My team just finished a 6-week evaluation of agentic testing platforms, and I’m genuinely conflicted. These tools promise to revolutionize testing by continuously analyzing code changes, auto-detecting coverage gaps, and autonomously generating tests to close them.
Sounds amazing, right? But I can’t shake the feeling we’re about to give up control of something critical.
What Agentic Testing Actually Means
Traditional AI testing: You prompt, AI generates, you review.
Agentic testing: AI continuously monitors your codebase, decides what needs testing, generates tests autonomously, and can even “self-heal” when tests break.
The platforms we evaluated (I won’t name names, but there are 3-4 serious players now) offer:
1. Autonomous Coverage Gap Detection
- Monitors every commit
- Identifies uncovered code paths
- Prioritizes based on code complexity and change frequency
- Generates tests automatically, no human prompt needed
2. Self-Healing Tests
- When tests break due to refactoring, AI updates them
- Analyzes intent vs implementation
- Rewrites assertions to match new code structure
- Claims 80% of test maintenance can be automated
3. Regression Prevention
- Learns from production bugs
- Generates tests to prevent similar issues
- Adaptive test generation based on actual failure patterns
4. Test Suite Optimization
- Identifies redundant tests
- Removes or consolidates overlapping coverage
- Reorders tests for faster failure detection
- Claims 30-50% reduction in test execution time
The Demos Were Incredible
In our proof of concept:
- Coverage gaps identified: 127 in critical payment code
- Tests auto-generated: 214 new tests in 3 days
- Flaky tests fixed: 18 (self-healing kicked in during refactor)
- Test execution time reduced: 38%
Our engineers were excited. Our VP Eng wanted to buy immediately. But I asked for 4 more weeks to stress test it.
What We Found in Week 7-10
Problem 1: Black Box Test Generation
- AI generates tests, but we don’t understand the logic
- Test names are generic:
test_payment_validation_edge_case_7 - When tests fail, unclear what behavior is being validated
- Junior engineers can’t explain what the tests do
Problem 2: Self-Healing “Around” Real Bugs
- During a refactor, 12 tests “self-healed”
- 3 of those tests had actually caught a regression
- AI assumed the new implementation was correct (it wasn’t)
- Tests now validated broken behavior
Problem 3: Loss of Test Understanding
- Six months from now, when these tests fail, who can debug them?

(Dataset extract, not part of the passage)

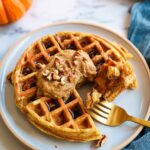 For holiday brunches or celebrations, I’ve layered these pumpkin waffles with mascarpone and drizzled caramel sauce to create a fun dessert-style stack. Another fun idea is to cut the waffles into bite-sized pieces and serve them on skewers with fruit and whipped cream for a playful finger food. Little touches like edible flowers or cinnamon sticks add charm if you’re hosting friends or family.

- Tests become “magic” that the AI maintains
- Team loses ability to reason about test coverage
Problem 4: Vendor Lock-In
- Tests generated by AI use vendor-specific patterns
- Test suite becomes dependent on the platform
- Switching costs are prohibitive
- What happens if the vendor goes away?
Problem 5: Cost Explosion
- Platform charges per “agent action”
- In month 2, we got a bill for 10x the quoted price
- Agentic testing is expensive at scale
- ROI questionable compared to human test writers
The Philosophical Question
This goes beyond tooling. Are we ready for AI to make autonomous decisions about test strategy?
When a human writes a test, they’re making a judgment call:
- What behavior matters?
- What edge cases are realistic?
- How coupled should this test be to implementation?
- Is this worth testing given maintenance costs?
Agentic systems make these calls without human input. They optimize for coverage and pass rates, not strategic value.
The Control vs. Velocity Trade-Off
The case for agentic testing:
- Humans can’t keep up with code velocity
- Test coverage gaps are inevitable without AI
- Self-healing reduces maintenance burden
- Frees engineers to focus on features, not tests
The case against:
- Tests are specifications, not just code coverage
- Autonomous changes risk validating bugs
- Loss of test understanding is dangerous
- Vendor dependency and costs
Where I’m Landing (For Now)
After this evaluation, here’s our decision:
We’re adopting limited agentic testing:
- Use for flaky test detection and fixing (high value, low risk)
- Use for test suite optimization (speed improvements)
- Use for coverage gap DETECTION (but human-driven generation)
We’re NOT adopting:
- Fully autonomous test generation
- Self-healing without human review
- AI-driven test strategy decisions
Basically: AI as a tool, not an autonomous agent.
My Questions for the Community
Has anyone deployed agentic testing in production?
- What was your experience?
- Did self-healing work or cause problems?
- How did your team adapt?
For those skeptical of autonomy:
- Where do you draw the line?
- Is there a “right” level of AI autonomy in testing?
- How do you prevent falling behind teams that embrace it fully?
For those in regulated industries:
- How do you handle audit requirements with autonomous testing?
- Can you even use these tools given compliance needs?
I’m genuinely uncertain if we’re being cautious or foolish. The technology is here. The question is whether we’re ready for it.